RECOMMENDATION 80: The Chief of Police or his delegate appoint, within each TPS division and unit, at least one TPS member formally charged with responsibility for ensuring effective implementation of the recommendations in this Report at the division or unit level.

Topic-specific reviews

RECOMMENDATION 81: In connection with those recommendations above that call for further study, examination and analysis of specific issues:

  1. Stakeholder Input: Where appropriate, the TPS seek to involve representatives of affected stakeholders meaningfully in the work;
  2. Deliverables: The TPS identify specific deliverables sought from those tasked with the work, and a timeframe for delivery; and
  3. Reporting Requirement: There be a regular reporting requirement for any work taking place over an extended period, whereby the senior TPS officer in charge of implementation is kept informed regarding the progress of the work.

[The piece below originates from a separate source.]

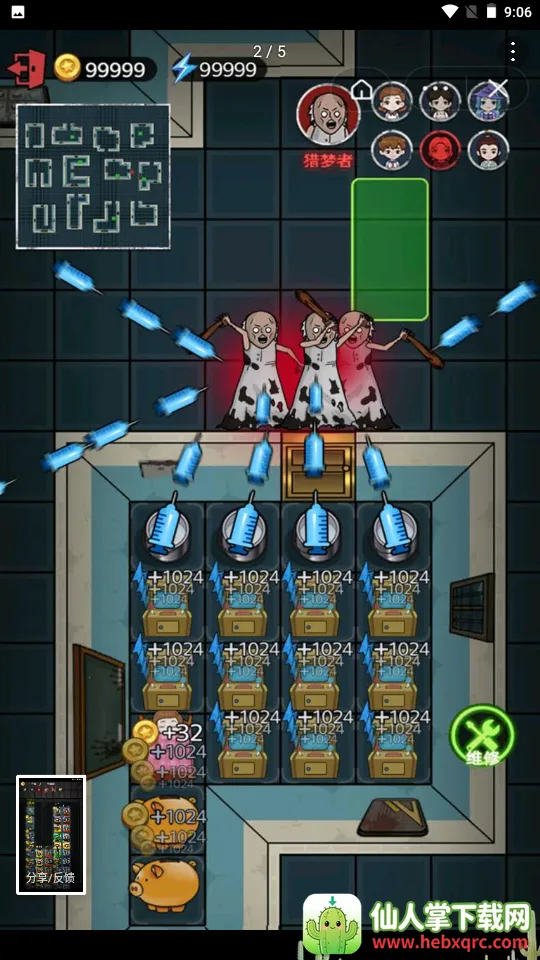 在猛鬼来袭这款超刺激的策略塔防游戏里,有预言家、猎人等多种角色。预言家能提前洞悉猛鬼动向,助你提前布局防御;猎人则可凭借强大能力直接猎杀猛鬼。玩家要合理安排阵容,利用各种塔防设施和角色技能,抵御一波又一波猛鬼进攻。游戏玩法丰富,进入游戏后,点击开始、准备,等人齐后找房间躺下,拖动武器到方格,不断刷新获取更好武器,波数完成还能选技能,觉得门不结实可提升等级。优先升级床能提高金币产出,合理布局防御设施,联合队友击杀猛鬼。游戏通过高品质画面和逼真音效营造恐怖氛围,还有多样地图场景和丰富玩法模式,能让你在解谜搜集道具闯关过程中感受多样乐趣,快来体验吧!

Third-party cooperation and relationships

RECOMMENDATION 82: In connection with those recommendations above that call for the TPS to work with outside organizations such as government ministries, hospitals and others, the TPS take a leadership role in forging and fostering the necessary relationships.

RECOMMENDATION 83: The TPS collaborate with academic researchers, hospitals and others to evaluate the effectiveness of TPS initiatives undertaken as a result of this Review, including, where applicable, both quantitative and qualitative evaluations.

Ongoing review

RECOMMENDATION 84: A follow-up review be conducted—whether by TPS personnel, by an independent review body or by committee of interested stakeholders—in five years’ time to assess the degree of success achieved in minimizing the use of lethal force in encounters between the TPS and people in crisis, and to make further recommendations for improvement. I recommend that the results of that review be made public, and that the reviewers be similarly tasked with developing recommendations for implementation.